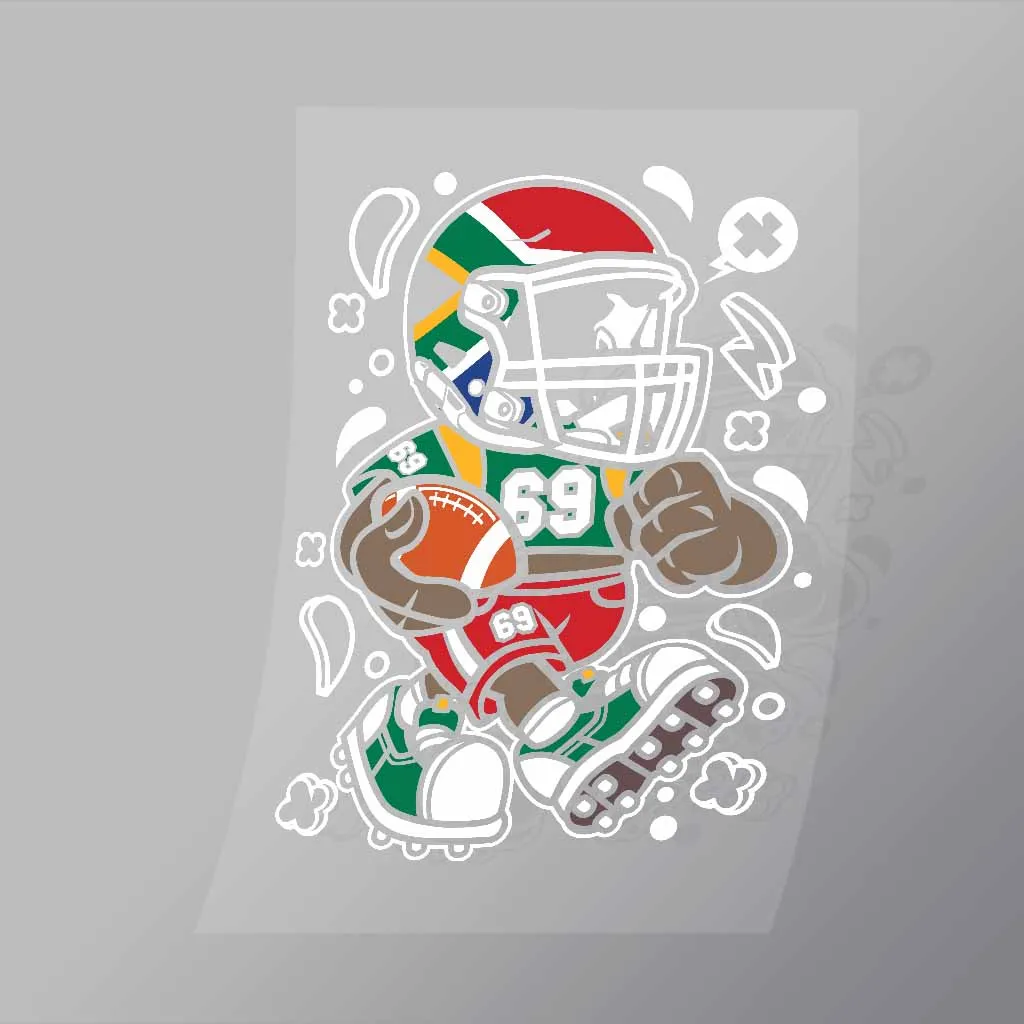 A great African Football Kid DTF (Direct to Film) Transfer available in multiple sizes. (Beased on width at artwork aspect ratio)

============================================================

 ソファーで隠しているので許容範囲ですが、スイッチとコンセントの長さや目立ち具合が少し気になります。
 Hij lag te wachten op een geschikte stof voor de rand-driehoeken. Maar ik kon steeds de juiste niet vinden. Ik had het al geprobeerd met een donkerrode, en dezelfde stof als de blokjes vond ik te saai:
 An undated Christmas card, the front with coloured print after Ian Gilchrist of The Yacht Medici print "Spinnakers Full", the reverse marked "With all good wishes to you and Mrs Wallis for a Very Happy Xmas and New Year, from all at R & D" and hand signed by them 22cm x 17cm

============================================================

● Exercise description:
What you give back must be the stretch above, starting at the line with "ソファーで隠しているので許容" and ending at the line with "Hij lag te wachten", copied exactly.

● Response area:
 ソファーで隠しているので許容範囲ですが、スイッチとコンセントの長さや目立ち具合が少し気になります。
 Hij lag te wachten op een geschikte stof voor de rand-driehoeken. Maar ik kon steeds de juiste niet vinden. Ik had het al geprobeerd met een donkerrode, en dezelfde stof als de blokjes vond ik te saai:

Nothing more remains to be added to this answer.